* **What you need to do**
Keep the text of the data exactly as it is and omit each picture from the copy.

* **Data section**
##############################
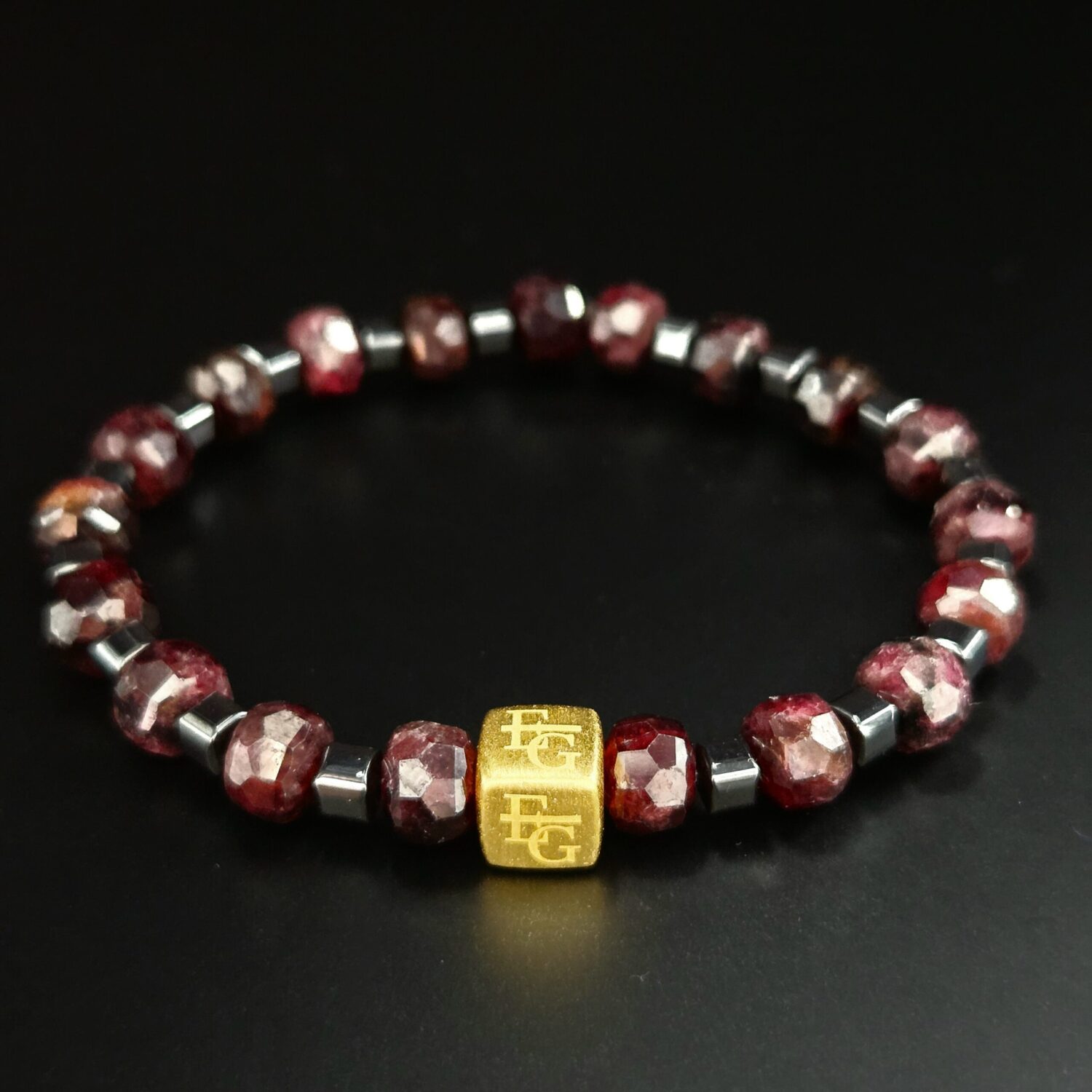 Roma is compact en luxe: donker granaat in facet, afgewerkt met een s925 gold plated logo blok.
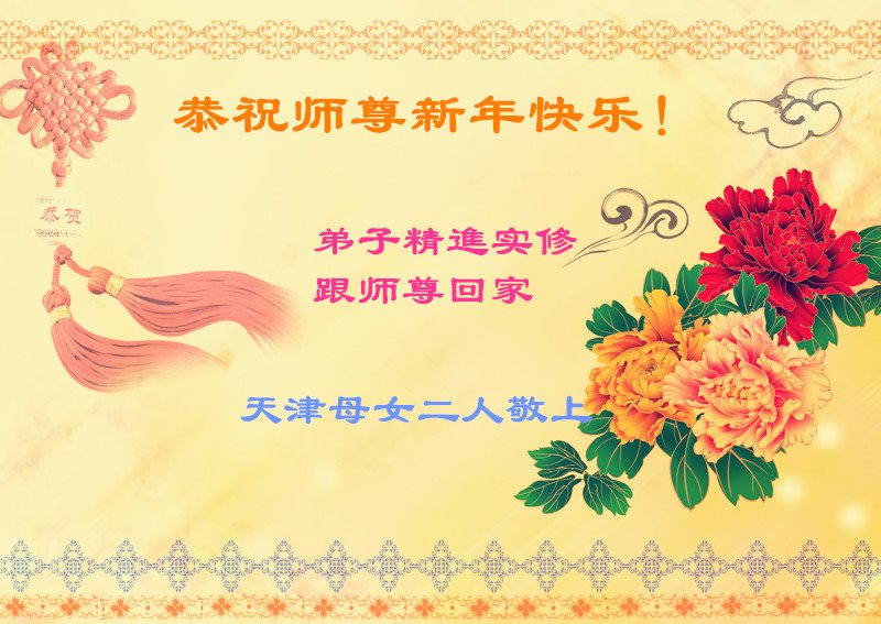 天津母女二人大法弟子恭祝师尊新年快乐!
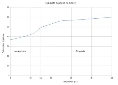 - > 96 % (CaCl2·0H2O sous forme de paillettes, pellets ou poudres - température de cristallisation > 180 °C).
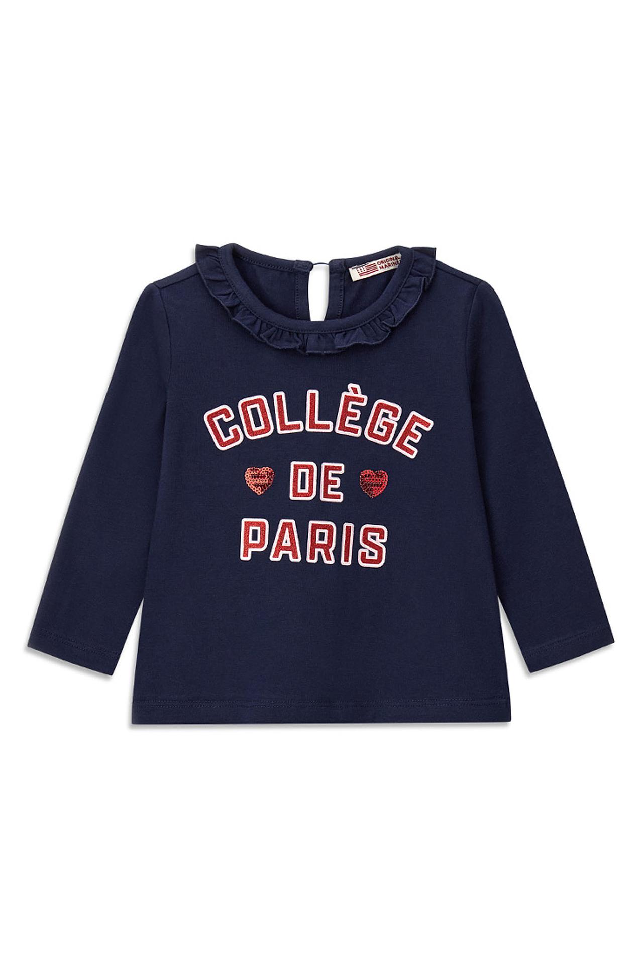 - Дизайн: Классический крой с длинным рукавом и изящным воротником-ободком. Оригинальный принт "Collège de Paris" с блестящими деталями делает футболку модной и привлекательной для юных модниц.
##############################
* **Answer to this task**
 Roma is compact en luxe: donker granaat in facet, afgewerkt met een s925 gold plated logo blok.
 天津母女二人大法弟子恭祝师尊新年快乐!
 - > 96 % (CaCl2·0H2O sous forme de paillettes, pellets ou poudres - température de cristallisation > 180 °C).
 - Дизайн: Классический крой с длинным рукавом и изящным воротником-ободком. Оригинальный принт "Collège de Paris" с блестящими деталями делает футболку модной и привлекательной для юных модниц.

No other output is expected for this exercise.